Un interessante post di PierLuca Santoro (in uno stato di forma comunicativa strepitoso, devo dire) sottolinea come, analizzando un'impressionante mole di contenuti pubblicati su Twitter, la modalità più efficace per le aziende sia comunicare sia contenuti propri che contenuti altrui. I social media hanno proprie regole e la condivisione delle informazioni su Twitter, dove il "retweet" la fa da padrone, non fa eccezione. Il "rilanciare" contenuti altrui, ritenuti interessanti, è una delle principali regole del gioco del mondo dei Social Network in generale ma questo approccio può essere esteso a ogni contenuto aziendale, prevedendo un equilibrio costante tra la voce dell'azienda e quelle del settore dove opera.
Facciamo un esempio. Se noi analizziamo i contenuti espressi dalle aziende, troviamo spesso imprese che non fanno altro che parlarsi addosso. Sono tutte brave, efficienti e veloci. Il problema è che non spiegano in cosa sono così brave, efficienti e veloci. Queste sono "self-promoters". Dall'altra parte, specialmente sui Social Media, altre aziende non fanno altro che dare visibilità a link esterni, che parlano di settore, di mercato, di normative, di certificazioni. Tutte informazioni interessanti, per carità, ma sulle quali l'azienda non offre agli utenti alcun valore aggiunto: le stesse informazioni si potevano trovare, identiche, da altre parti. Queste sono "curators". La via di mezzo, la modalità più efficace, è quella di veicolare contenuti propri e altrui, in un equilibrio che dia una predominanza (60% circa) alle informazioni generate da altri. Spiegare in quale contesto opero, con quali regole e qual'è il mio contributo alla crescita del mio settore. Queste sono "balanced".
Appare ovvio che realizzare un equilibrio informativo, che dia predominanza sia alla qualità che alla qualità (requisito necessario per scegliere cosa dire), sia la soluzione migliore per dare un valore aggiunto significativo alle persone. Ma c'è un problema: non è affatto facile.

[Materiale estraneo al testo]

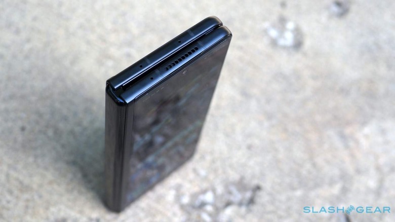 Samsung says its flexible screen tech is sturdier and more glass-like than ever before, not to mention tested with hundreds of thousands of folds. There's IPX8 water resistance too, but no dust resistance: sand and grit remain the enemy of moving components, and while the Fold 3 may cover most of its points-of-entry, that's not infallible. Opening the screen one-handed is pretty much impossible, given the strength of the magnets and stiffness of the hinges, and trying to close it one-handed while avoiding pressing your thumb into the crease is tricky too.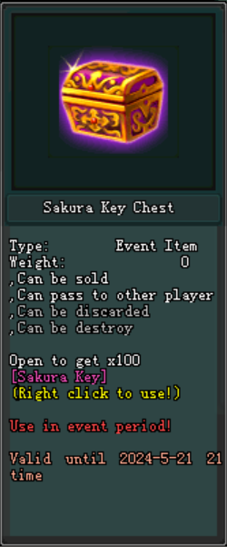 - Sakura Key Chest អាចរកទិញបាន ក្នុងតម្លៃ 89 Jpoints បើកទទួលបានចំនួន x100 Sakura Key ។
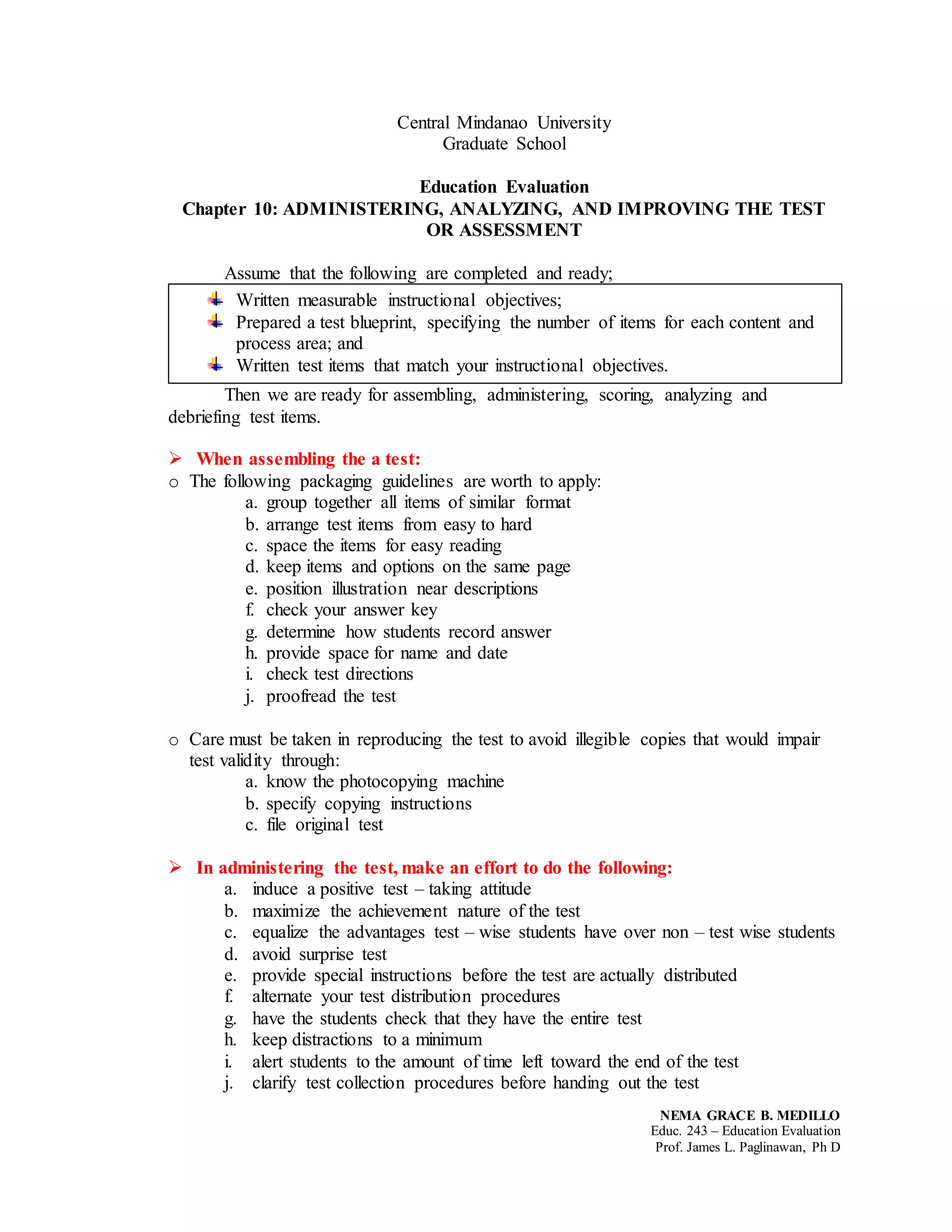 The document provides guidance on administering, analyzing, and improving tests and assessments. It discusses assembling tests by grouping similar item formats and arranging items from easy to hard. When administering tests, steps should be taken to induce a positive testing attitude and minimize distractions. Tests should be scored carefully and item analysis conducted to identify problematic items in need of revision or elimination. Both quantitative and qualitative item analysis methods are described. The goal is to analyze test items, identify areas for improvement, and ensure the test effectively measures the intended objectives.

Servono in azienda figure professionali che abbiamo le competenze, l'autonomia decisionale e la flessibilità necessarie per fare un lavoro efficace in questo senso. Esistono, oggi, dei Content Curation Manager in Italia? La cosa sicura è che le aziende, oggi, sanno neanche che esistano figure del genere. Altrettanto sicuro è che gli stagisti messi lì a gestire il sito, le bacheche di Facebook e il profilo Twitter non sono il grado di assolvere a questo compito, ovviamente non per colpa loro. Secondo PierLuca Santoro queste figure ci sono (risposta datami in diretta, ora, durante Innovatori Jam 2011, tanto per dire la potenza della rete) e sono perfettamente d'accordo. Ora sta a noi convincere le aziende che "è come andare in bicicletta: se vuoi restare in equilibrio devi muoverti" (Albert Einstein).